I would love to see a comparison to the latest GLM model. I would also love to see no one use OS World ever again, it’s a deeply flawed benchmark.

drapado|5 months ago

Cool! Pity they are not releasing a smaller A3B MoE model

daemonologist|5 months ago

Their A3B Omni paper mentions that the Omni at that size outperformed the (unreleased I guess) VL. Edit: I see now that there is no Omni-235B-A22B; disregard the following. ~~Which is interesting - I'd have expected the larger model to have more weights to "waste" on additional modalities and thus for the opposite to be true (or for the VL to outperform in both cases, or for both to benefit from knowledge transfer).~~

Relevant comparison is on page 15: https://arxiv.org/abs/2509.17765

jadbox|5 months ago

How does it compare to Omni?

ramon156|5 months ago

One downside is it has less knowledge of lesser known tools like orpc, which is easily fixed by something like context7

ashvardanian|5 months ago

Qwen models have historically been pretty good, but there seems to be no architectural novelty here, if I’m not missing it. Seems like another vision encoder, with a projection, and a large autoregressive model. Have there been any better ideas in the VLM space recently? I’ve been away for a couple of years :(

clueless|5 months ago

This demo is crazy: "At what time was the goal scored in this match, who scored it, and how was it scored?"

addandsubtract|5 months ago

I had the same reaction, given the 100min+ runtime of the video.
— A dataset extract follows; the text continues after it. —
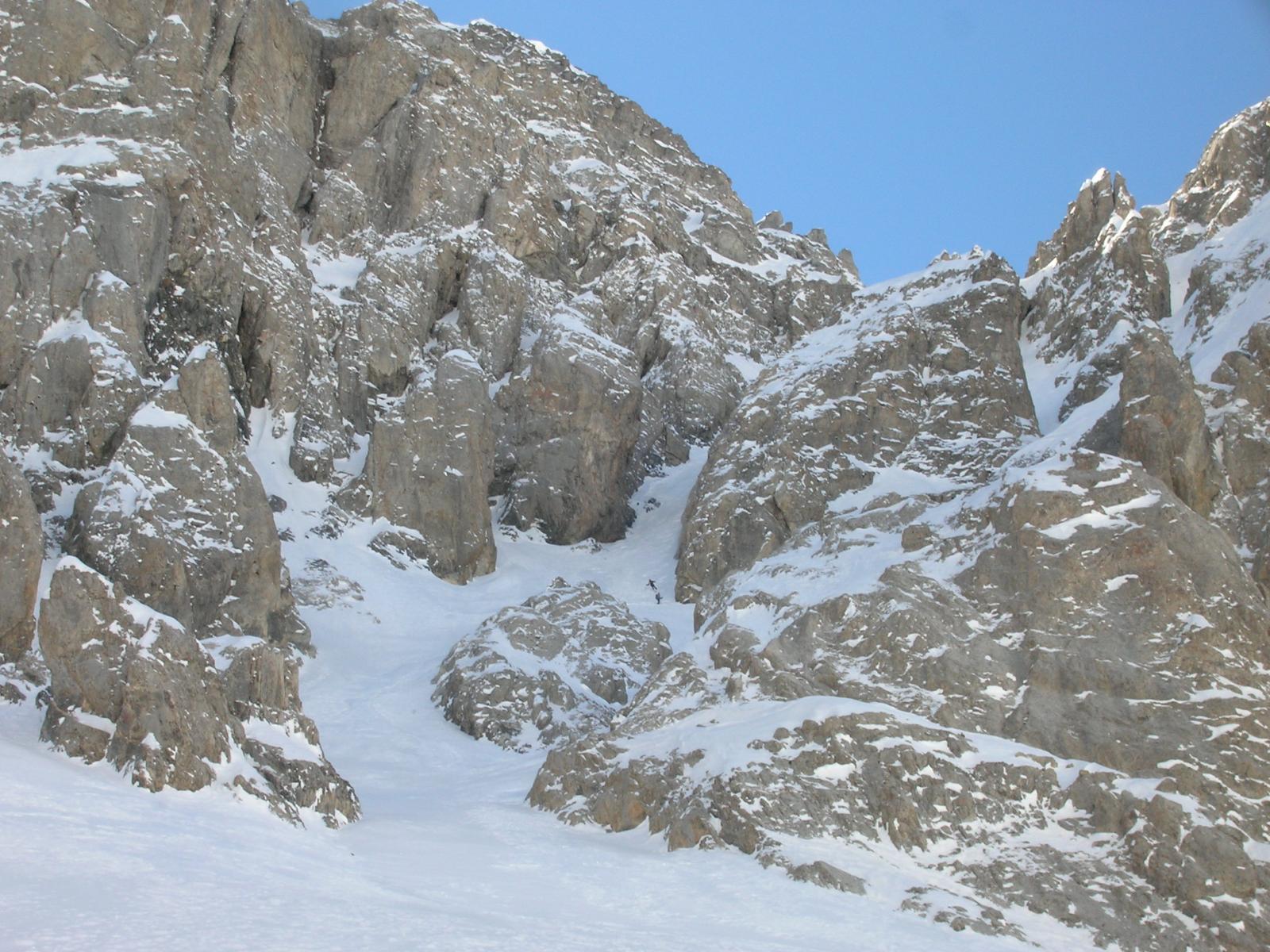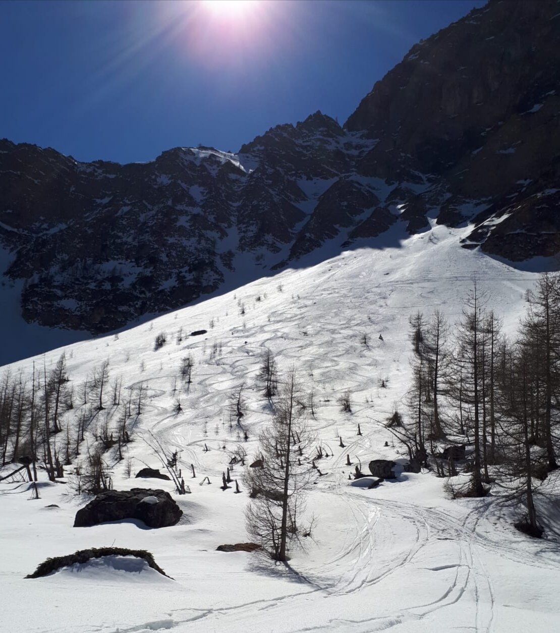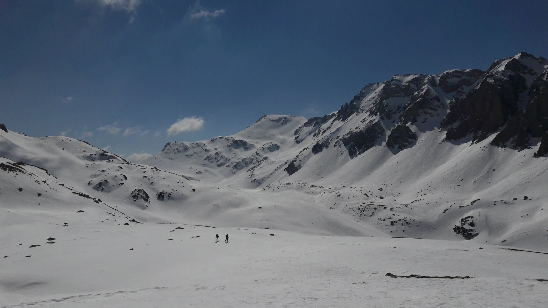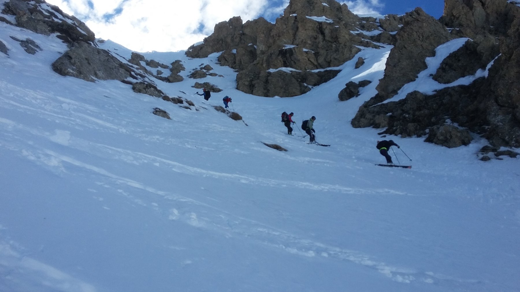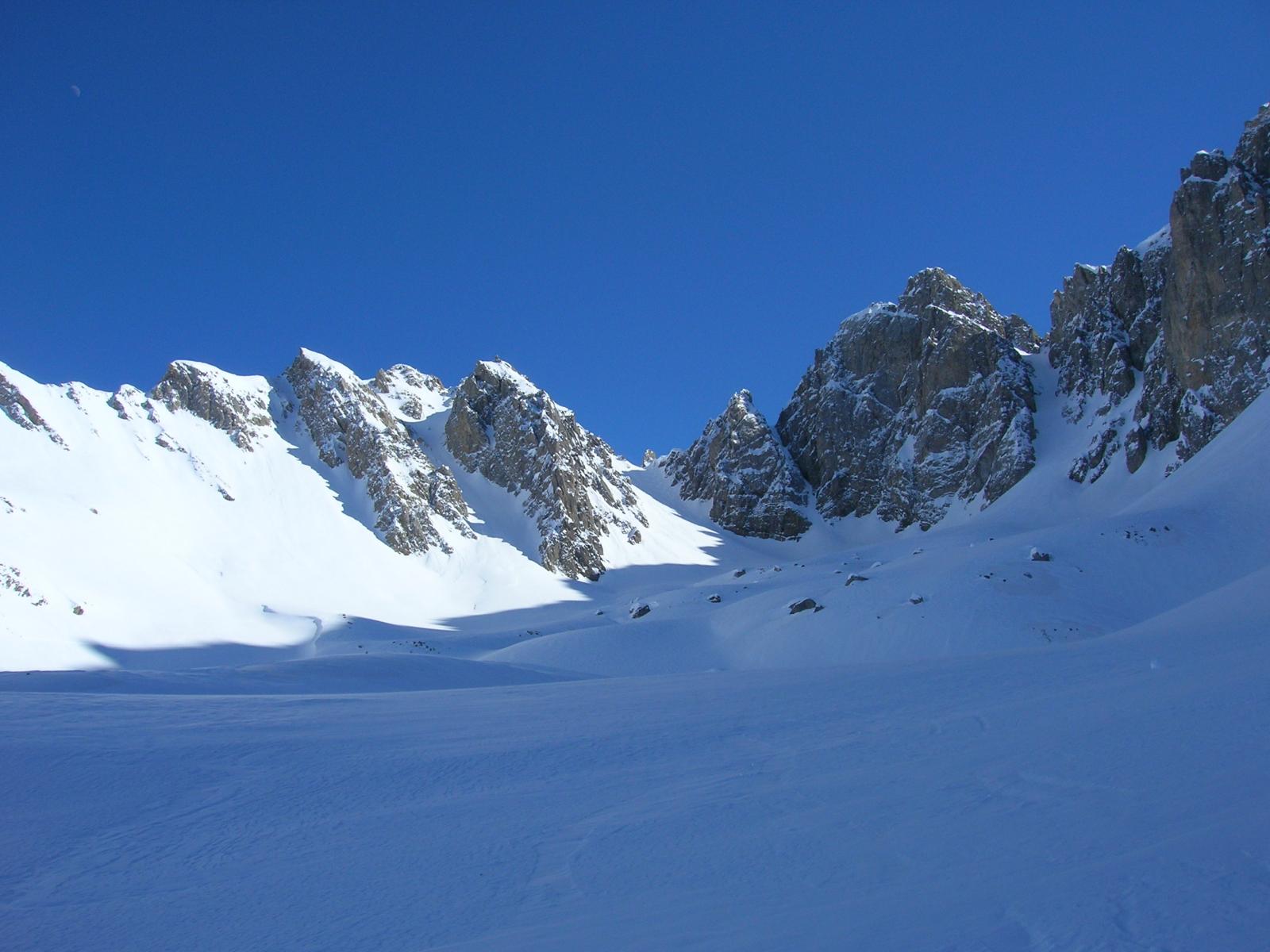 Una volta imboccato il vallone di Unerzio si piega a sinistra e si sale al col de Feuillas 2749 m attraverso il ripido fanalino finale. Si scende quindi sul versante destro lungo il fianco sud dell’Oronaye. Senza perdere troppa quota si attraversano una serie di slavine fino a trovarsi di fronte la conca della cima Le manse. Abbandonare il vallone e risalire il fianco destro fino a portarsi sotto la cornice di neve che introduce al colle di Boeuf. Per superare la cornice utili piccozza e ramponi. Quindi si scende verso il bivacco Bonelli ma prima di raggiungerlo si piega a destra nel vallone di Enchiausa che si risale fino all’omonimo colle, attraverso un ripido pendio finale. Da qui si compie la discesa finale lungo lo stesso tragitto della risalita

michaelanckaert|5 months ago

Qwen has some really great models. I recently used qwen/qwen3-next-80b-a3b-thinking as a drop-in replacement for GPT-4.1-mini in an agent workflow. Cost 4 times less for input tokens and half for output, instant cost savings. As far as I can measure, system output has kept the same quality.

am17an|5 months ago

This model is literally amazing. Everyone should try to get their hands on a H100 and just call it a day.

whitehexagon|5 months ago

Imagine the demand for a 128GB/256GB/512GB unified memory stuffed hardware linux box shipping with Qwen models already up and running.

Although I´m agAInst steps towards AGI, it feels safer to have these things running locally and disconnected from each other, than some giant GW cloud agentic data centers connected to everyone and everything.

buyucu|5 months ago

I bought an GMKtec evo 2 that is a 128 GB unified memory system. Strong recommend.

Alifatisk|5 months ago

Wow, the Qwen team doesn't stop and keep coming up with surprises. Not only did they release this but also the new Qwen3-Max model

buyucu|5 months ago

The Chinese are great. They are making major contributions to human civilization by open sourcing these models.